50/50 Review #41: Watership Down.

Was I supposed to be on drugs while I watched this? Watership Down tells the story Fiver (Richard Brier), a rabbit with some psychic-esque abilities, and his wise friend, Hazel (John Hurt). One day Fiver gets a feeling bad things are coming to their warren (home), so he talks a group of rabbits in leaving with him to find a new home. Along the way, they face many dangers and eventually have to figure out how to prosper in a new land.

The story and its themes are inspired by Homer's The Odyssey and Virgil's The Aeneid. In other words, for an animated flick about bunnies, this film is dark, depressing, violent, and totally screwed up. Despite my love of the old Greek and Roman tales, I had a few difficulties getting into the story. I couldn't tell you why, but it was just something about it that didn't click with me.

It might have been the characters, as I had a difficult time for a while telling them apart. They did have their own characteristics, but there were still plenty of times it was difficult remembering which rabbit was who and what their personality was (if they had one) and what their role is in the story. Couple that with trying to mentally compare it to its inspiration, and I found myself lost for a good chunk of the movie. Even after I figured them out, I still couldn't much get into them. Perhaps it was the lack of differentiation or emotion in their voices (partly, anyway).

But I think it's the animation that needs to be discussed here. I've never really seen anything like it in a movie before. It's quite unique (Side note: how do you catch a unique rabbit? Unique up on it!). It almost looks like a painting that's turned into animation. But a really trippy painting that starts wigging out on you after you take some hallucinogens. Because this movie ends up in some very bizarre places visually. It sometimes drifts smoothly into almost a dream-like or nightmarish state where everything is off-the-walls, weird, or terrifying. It's also one of the most violent animated bunny movies I've ever seen, and the animation of violence and blood is both unsuspecting and quite well done. Apparently people still complain about the film's PG rating, and it remains today to be the most violent PG animated film ever made.

On the whole, though, I didn't really dislike it. In fact, once I got into it, I did enjoy it--even if it got really crazy at times. I particularly liked the character of Bigwig, as he was a pretty badass bunny. The animation was good and really interesting, which allows it to flow in and out of those strange sequences without seeming out of place. I doubt I'll watch it again, as I wasn't really in love with it, though I can see why somebody would be. It just wasn't all for me.

I Am McLovin!


  1. I remember liking this when I was a kid because none of my other friends had heard of it. Then I re-watched as an adult and I think it's totally fucked up for a kids movie. Not bad, just..unique. You definitely nailed it here.

    1. Yeah, I never saw this as a kid (or read the book). I think that might have hurt the experience for me a bit, since I didn't have either prior knowledge from the book happenings or the nostalgia factor going in.

      But yeah, it's a totally fucked up kids movie. It might be an animated film about bunnies, but that doesn't mean anything.
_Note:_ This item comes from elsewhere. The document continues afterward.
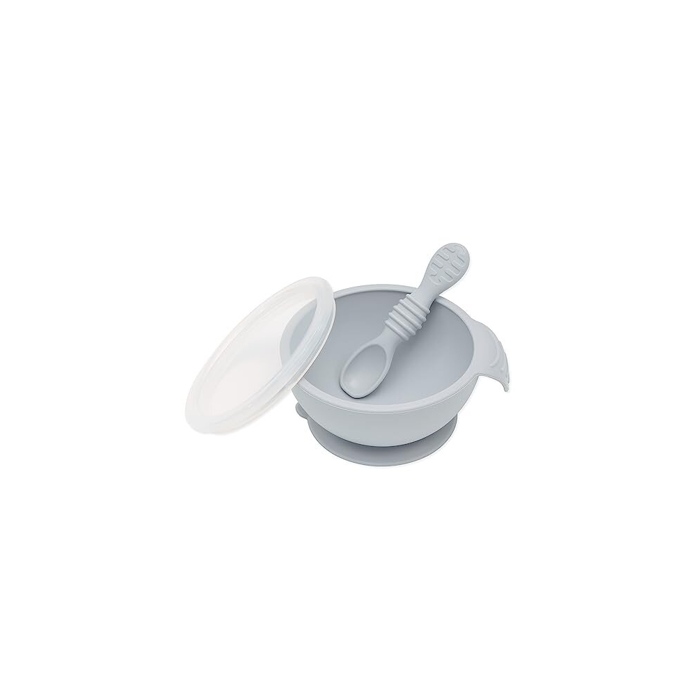 First Feeding Set - Bowl With Suction Base, Lid, Spoon, Baby Led Weaning, BPA-Free, Microwave/Dishwasher/Freezer Safe, 100% Silicone, Grey
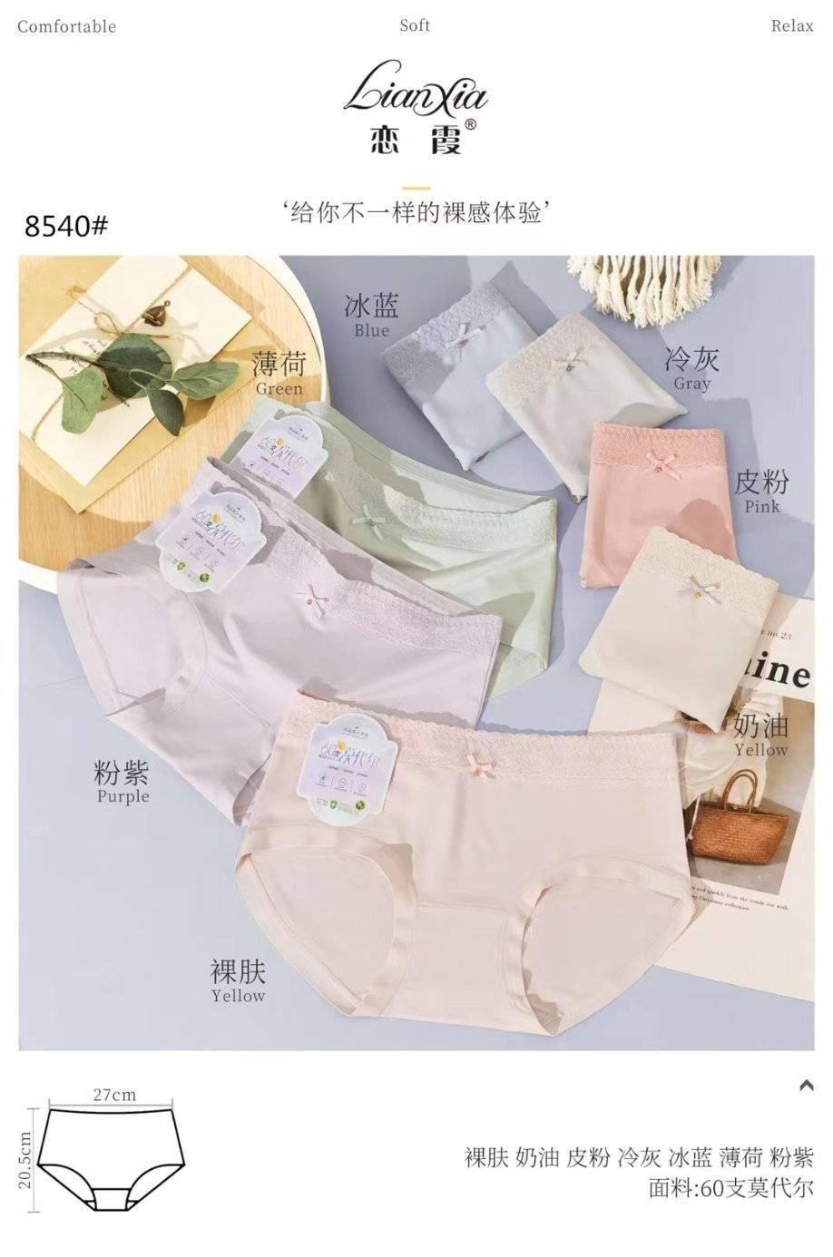 Lianxia 8540 эмэгтэй модны бактериостатик дотуур хувцас (1 багц * 10 ширхэг)

  2. Nick, you're too kind.

    I only discovered the book a handful of years ago and LOVED it. I consider it among my all-time favorites. And your initial bead on the story -- an epic tale a la "The Odyssey" -- is dead on. In fact, as I read "Watership Down," it was easy to imagine a live action film adaptation, pitched as "Lord of the Rings" with Bunnies.

    So I was all excited to track down and watch this movie... this ill-conceived, artistic miscarriage of a movie.

    Clearly the producers had never read the story, because elements of the film are clearly geared for kids, despite the fact that we can all agree this is absolutely NOT for kids. How can anything feel epic when Art Garfunkel won't shut the hell up for two seconds? I can't think of a faster way to sap the energy and excitement out of an adventure story than to swamp it with sappy-ass folk music.

    And what exactly were the animators smoking? Fiver's visions are like a bad trip? The only bad trip here was the trip out to go get the DVD of this movie.

    I know it's cliche to say that the book is better, but in the instance of "Watership Down," I can't think of a greater discrepancy between the two.

    1. That's crazy. I was under the impression it was a solid adaptation from things I kinda saw around the webz. But I guess not! I have no experience with the book, but for greatest discrepancy between book and film, that award has to go to either Dean Koontz's Watchers or Eragon (probably the former). Those are just painfully adapted in every way. Eragon was already not a great book--essentially poorly written plagiarism--and I felt back for the author after I saw the film.